No, there's no difference.  These are all equivalent (on Linux):
  kill -15 pid
  kill -TERM pid
  kill -s 15 pid
  kill -s TERM pid

I got in the habit of using symbolic names because I work on
a lot of different kinds of Unix systems (not just Linux), and signal
numbers are not always the same across OS's, but signal names are.

* * *

Anyway, I had another runaway Xorg.  This time I was using
the scrollbar on a simple gnome-terminal window; not firefox.  It
seems that this problem almost always occurs while I'm using
a scrollbar of some sort.  That may or may not be coincidence,
but I'm leaning toward not at this point.

Regarding signals.... This time when I had the Xorg process
running at 100% cpu, I monitored the /proc/2384/status and
/proc/2384/task/2384/status files.  Before I even tried to do
any kill, I noticed that the ShdPnd (shared pending signals)
would toggle randomly between all zeros and 00..002000,
sometimes for the process and sometimes for the task/thread.
The wait channels (whan) were always 0 every time I looked.

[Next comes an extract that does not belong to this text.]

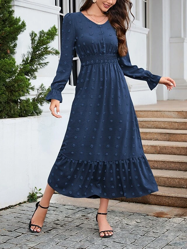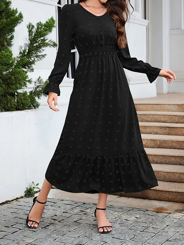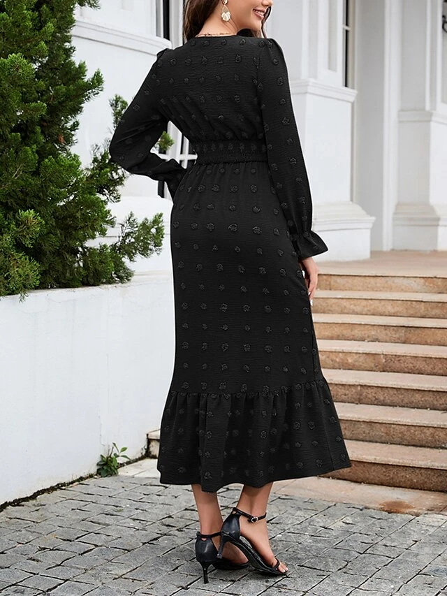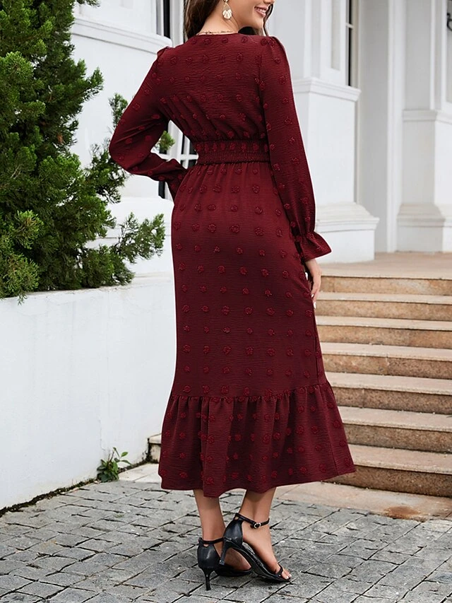 Women’s Work Dress Swing Dress Black Dress Fashion Midi Dress Ruched V Neck Long Sleeve Plain Loose Fit Black Red Blue Fall Winter S M L XL XXL

I went ahead and stopped (SIGSTOP) the Xorg parent process
(gdm-simple-slave) just to make sure it wasn't sending signals.
It wasn't.  Other than the Xorg process, top showed an otherwise
practically idle system.

When I sent signals via kill to the process, I could occasionally
see those signal bits show up in the ShdPnd bitmask for a
second, and then it would go all zeros again.  Yes, I tried all
sorts of signals, including 7 (SIGBUS) too.  Nothing had any
noticeable affect on the Xorg process.

I then did a SIGSTOP on the Xorg process.  It remained in
a running state consuming 100% cpu (odd); but the signal mask
was changed and any subsequent signals I sent you could
see accumulate in the pending signal mask field (as I would
expect).  But then doing a continue (SIGCONT) later, the
pending signals would go back to 0 (and occasionally
0x2000 temporarily).

Only when I sent a SIGKILL did anything change.  The process
was effectively killed; the exe symlink was gone, all the
file descriptors were closed, etc.  But the process entry still
remained in the running state and was consuming 100% cpu.
This wasn't just a status bug, you could noticeably tell the
cpu was really pegged by the sluggishness of typing.
After the SIGKILL, the signal pending masks would always stay
at 0, regardless of any additional kills sent to it.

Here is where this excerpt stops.